Studio album by Caetano Veloso
- Released: November 1972; January 1973 (wide release)
- Venue: São Paulo, Brazil
- Studio: Eldorado
- Genre: Experimental; avant-garde folk;
- Length: 38:55
- Label: PolyGram; Philips;
- Producer: Caetano Veloso

Caetano Veloso chronology
| Caetano e Chico - juntos e ao vivo (1972) | Araçá Azul (1973) | Temporada de Verão - ao vivo na Bahia (1974) |

= Araçá Azul =

Araçá Azul (Portuguese for "blue Cattley guava") is the fifth studio album by Caetano Veloso, released in November 1972 by Philips Records. The album was recorded shortly after Veloso returned from his exile in London. Araçá Azul is Veloso's most experimental album to date, influenced in part by the poetics of invention of the Brazilian concrete poetry movement and the experiences in popular music by Walter Franco. It was negatively received by the market upon its release, and is Veloso's lowest-selling album despite receiving critical acclaim.

==Background==
After an exile of 2 years in London, Veloso recorded Araçá Azul in São Paulo over a single week at Eldorado Studio, the only studio in Brazil equipped with 8-channel recording technology at that time. Veloso reports that he made the record alone, with help from a technician and his assistant, under permission of then president of PolyGram, André Midani. He used experimental techniques to record the album, recording "Épico" in an avenue in São Paulo.

==Music==
The album is characterized as experimental and avant-garde folk. It also draws influences from samba and psychedelic rock.
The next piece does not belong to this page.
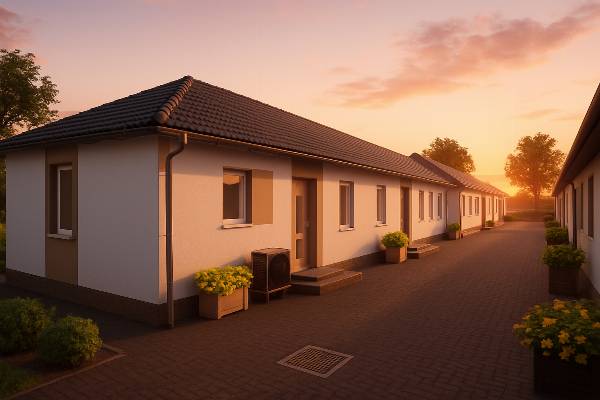 Új építésű sorházi lakások Kiskunlacházán – saját kerttel és terasszal! Kiskunlacháza központi, mégis csendes részén kínálunk 73 m²-es, modern sorházi otthonokat, 235 m² saját kertrésszel és 16 m²-es terasszal. Elosztás: Amerikai konyhás nappali 3 hálószoba Fürdőszoba + külön WC Saját gépészeti helyiség Műszaki tartalom: Megújuló energiás, hőszivattyús fűtésrendszer 30-as Leier főfalak, 10 cm homlokzati hőszigetelés 20cm kőzetgyapot szigetelés a tetőszerkezetben Műanyag, 3 rétegű nyílászárók Hideg- és melegburkolatok választhatóan (értékhatár szerint) Saját utcafronti és telekosztó kerítés Tereprendezés benne az árban

It is influenced by Walter Franco.

==Artwork==
The cover art is a photograph of Veloso, taken by photographer and director Ivan Cardoso, and produced by Luciano Figueiredo and Oscar Ramos.

==Release and reception==
As registered in the first print of the LP, and confirmed by the artist himself and the record company, the album was released in November 1972 and broadly commercialized after January 1973. It was badly received by the general public, adding a mark as the most returned LP from that period.

===Critical reception===

Upon release, Araçá Azul was acclaimed by critics. Antônio do Amaral Rocha of Rolling Stone Brazil placed the album at number 97 in the list of the 100 best Brazilian albums. John Bohannon of PopMatters compared the album to Jean-Luc Godard's film Breathless, stating that both "were made at critical turning points in the histories of their mediums, and both stand as testaments to the innovative approaches of their creators."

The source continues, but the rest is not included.